### Saved data entries

>>>

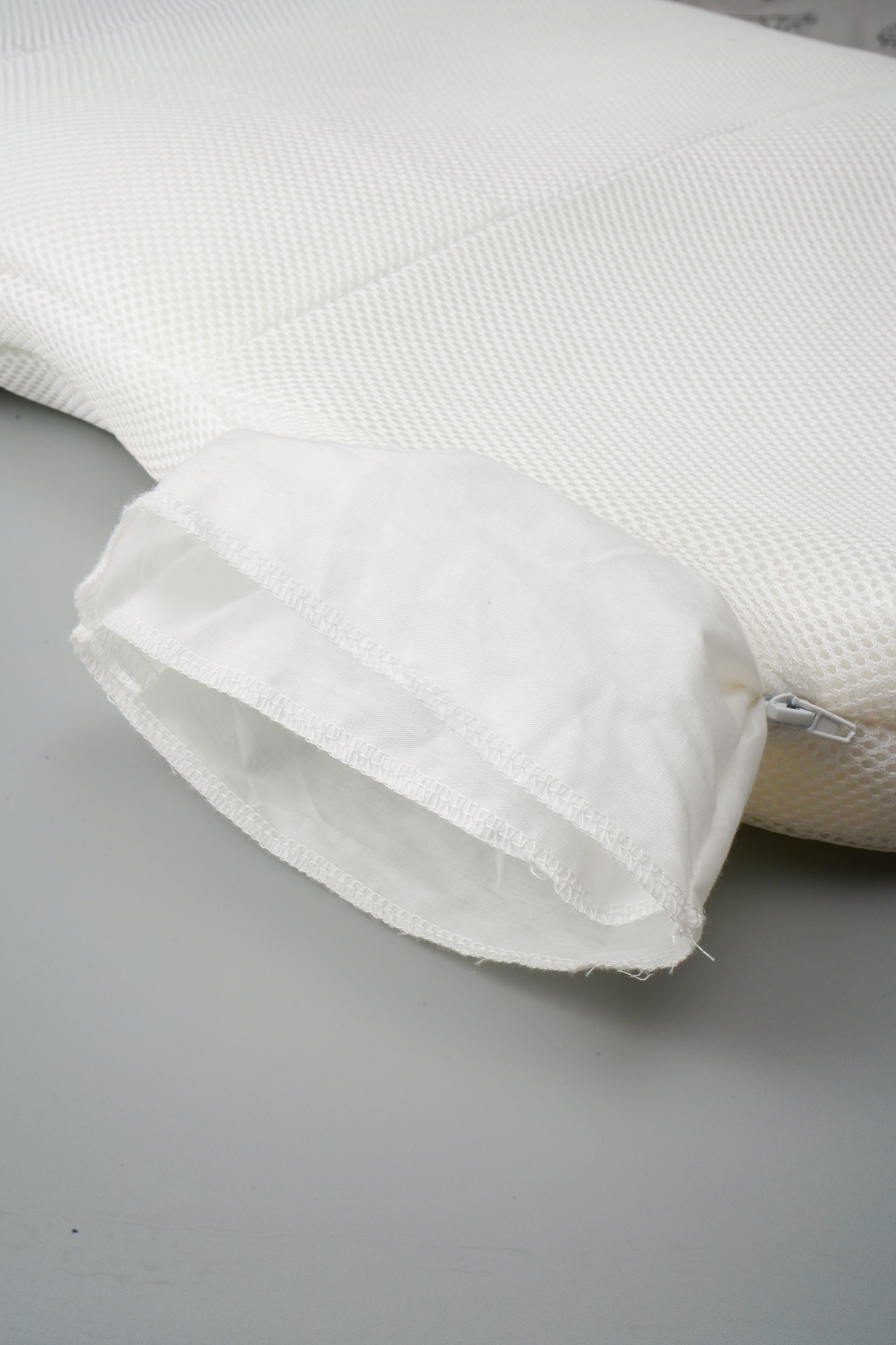 The area between the head and side sleeping incorporates a semi-open design. Remove the original filling and add flowable particles yourself. This allows areas outside the cervical support zone to move freely, reducing the constraints of the pillow's zoning design.
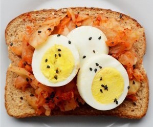 20. Kimchi + Sliced Hard-Boiled Egg + Black Sesame Seeds
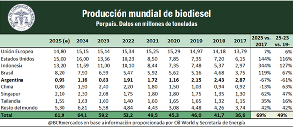 En 2017, año de su récord productivo, Argentina representaba el 7,8% de la producción mundial de biodiesel. Para 2019 dicha proporción se había reducido al 4,7%. Bajando aún más, para el 2020 ya totalizaba el 2,6%. Con las previsiones de producción global y Argentina de Oil World, la participación argentina en la producción global de biodiesel espera ubicarse en el 1,5% en 2025, un número similar a la participación de 2023, en medio de la histórica sequía.
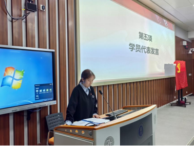 计算机学院本科生党支部预备党员吕洵作为学员代表发言。她代表全体学员向党组织作出承诺:学习上全力以赴,以最饱满的热情投入到培训中;思想上坚定信念,不断提升思想觉悟;行动上积极参与实践,争做先锋模范。
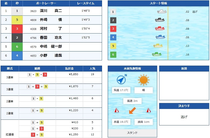 公開された予想は、1号艇深川選手を軸に4号艇小野選手と5号艇外崎選手に注目した予想となっています!
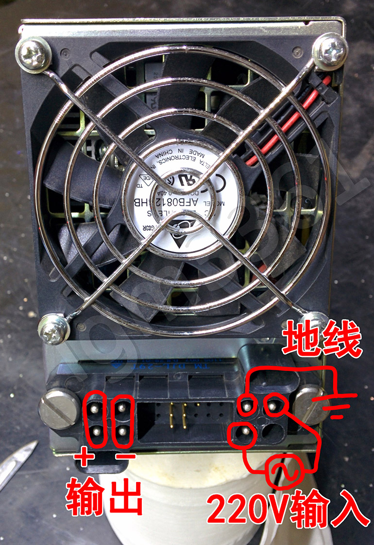 电源正常工作,有电压输出,风扇低速运转。
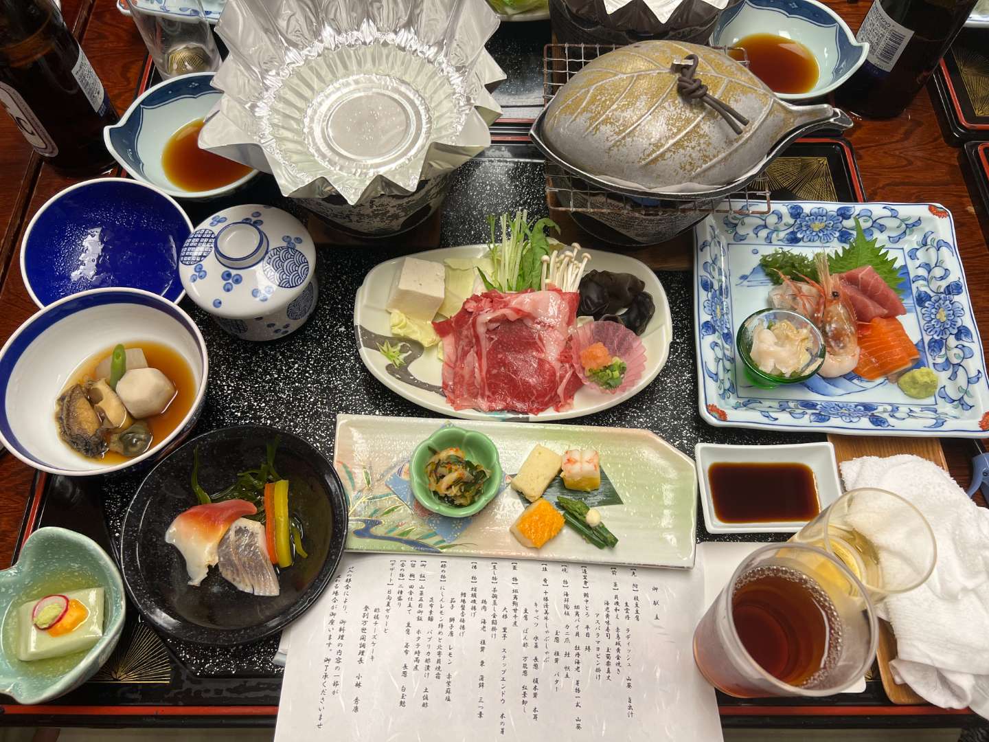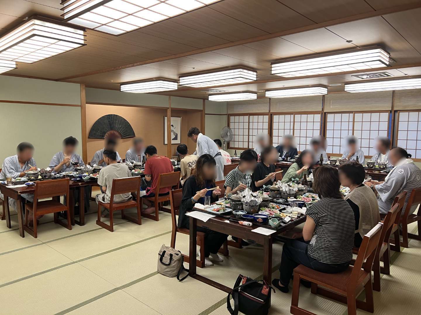 宿泊先の登別万世閣で宴会場で夕食と温泉にゆっくり浸かり日頃の疲れが癒されました。
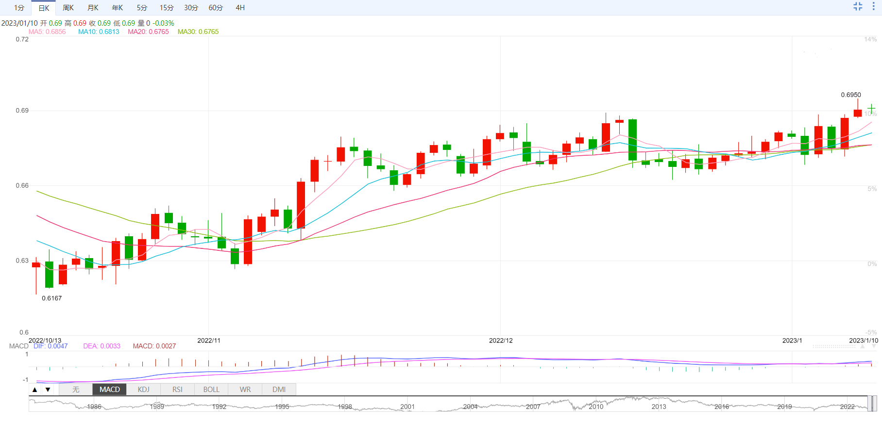中国迅速重新开放也促使资金撤出避险美元,转向高风险资产。对风险敏感的澳元上一交易日飙升至0.6950美元的四个多月高点,目前交投于0.6901附近。
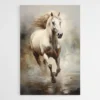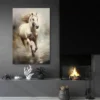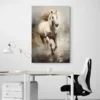 Ce tableau, il transforme la pièce. Au-dessus d'un canapé, dans un bureau, ou même dans une chambre, il change tout. Il capte l'attention, il donne de l'énergie. On aime le contraste entre le blanc éclatant du cheval et le fond flou, presque nuageux, qui ajoute de la légèreté.
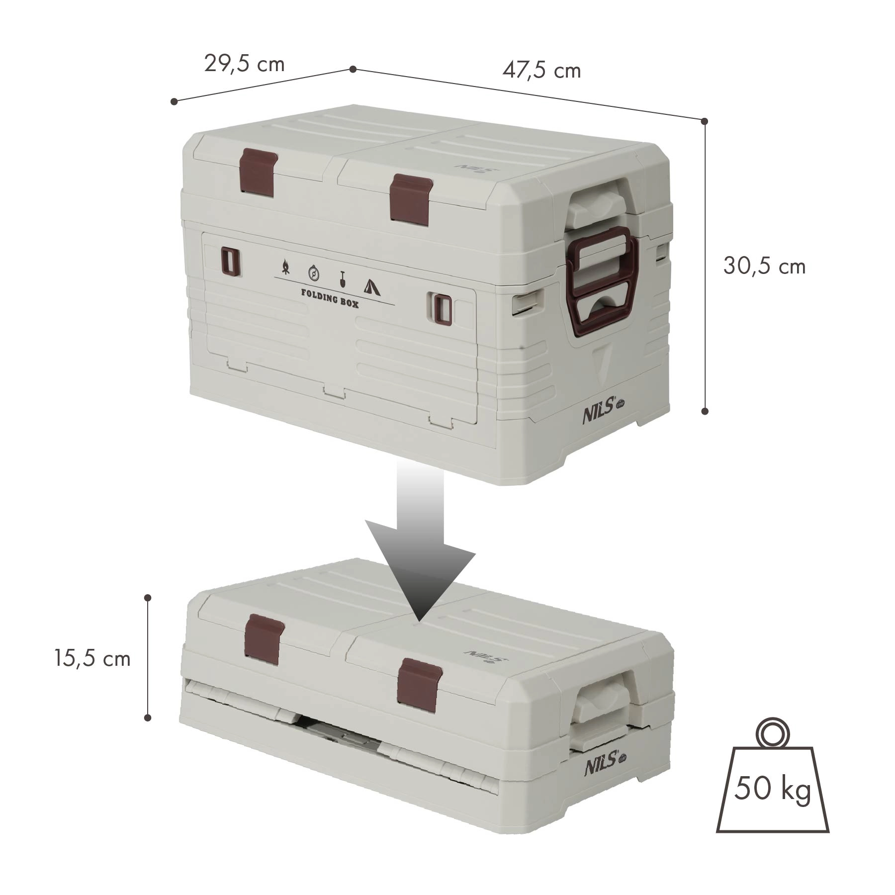 Box contenitore pieghevole con coperchio 42 l NILS Camp grigio
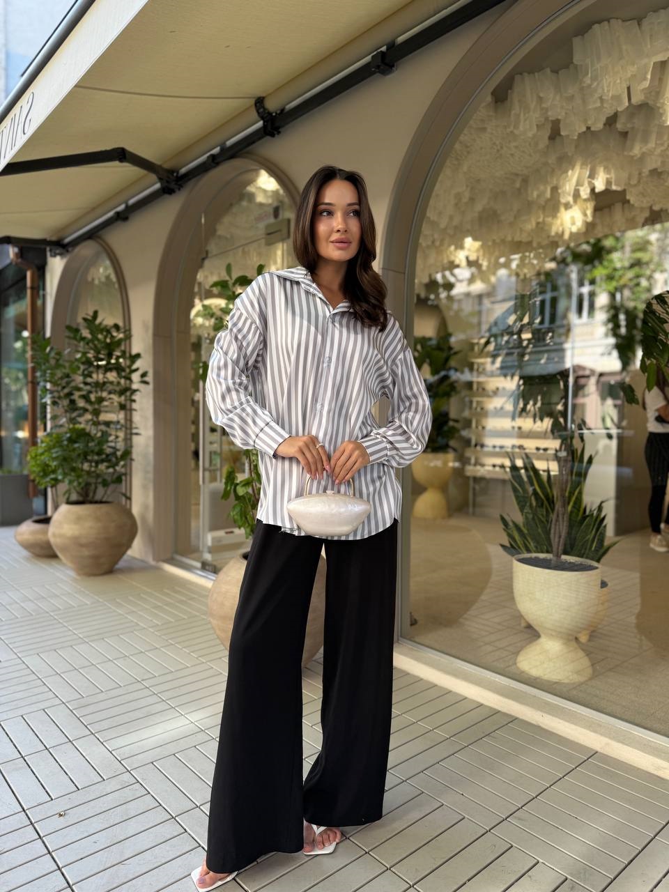 Стильная рубашка в полоску идеально подойдет под ваш любимый образ.
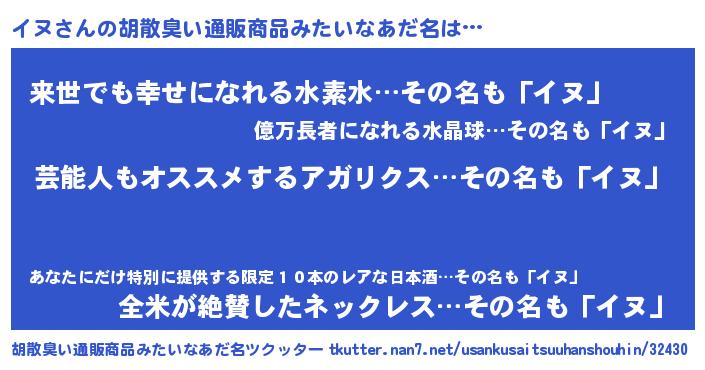 | ヘコむあだ名 | 『イヌ(爆)』『イヌっちょ』『牛乳』 |
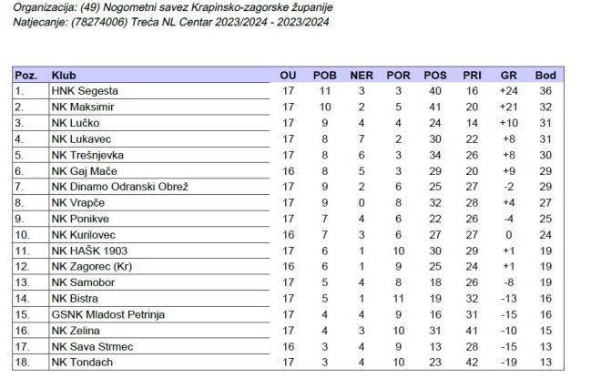 Izvjesno je da je Segesta jesenski prvak, ali zbog dva odgođena meča Gaj Mače - Zagorec KR i Kurilovec - Sava Strmec moguće se promjene na ljestvici. Gaj bi čak u slučaju pobjede protiv Zagorca KR mogao na diobu drugog, točnije na treće mjesto na kraju jesenskog dijela prvenstva. Remi bi Gaju donio petu, a Zagorcu KR jedanaestu poziciju, dok bi u slučaju pobjede Zagorca KR Gaj ostao šesti, a Zagorec KR bio bi jedanesti na kraju jesenskog dijela.

<<<

### Exercise brief
Final stretch of the data: repeat exactly each line from the one containing "Box contenitore pieghevole" through the last, and omit all pictures.

### Response for this exercise
 Box contenitore pieghevole con coperchio 42 l NILS Camp grigio
 Стильная рубашка в полоску идеально подойдет под ваш любимый образ.
 | ヘコむあだ名 | 『イヌ(爆)』『イヌっちょ』『牛乳』 |
 Izvjesno je da je Segesta jesenski prvak, ali zbog dva odgođena meča Gaj Mače - Zagorec KR i Kurilovec - Sava Strmec moguće se promjene na ljestvici. Gaj bi čak u slučaju pobjede protiv Zagorca KR mogao na diobu drugog, točnije na treće mjesto na kraju jesenskog dijela prvenstva. Remi bi Gaju donio petu, a Zagorcu KR jedanaestu poziciju, dok bi u slučaju pobjede Zagorca KR Gaj ostao šesti, a Zagorec KR bio bi jedanesti na kraju jesenskog dijela.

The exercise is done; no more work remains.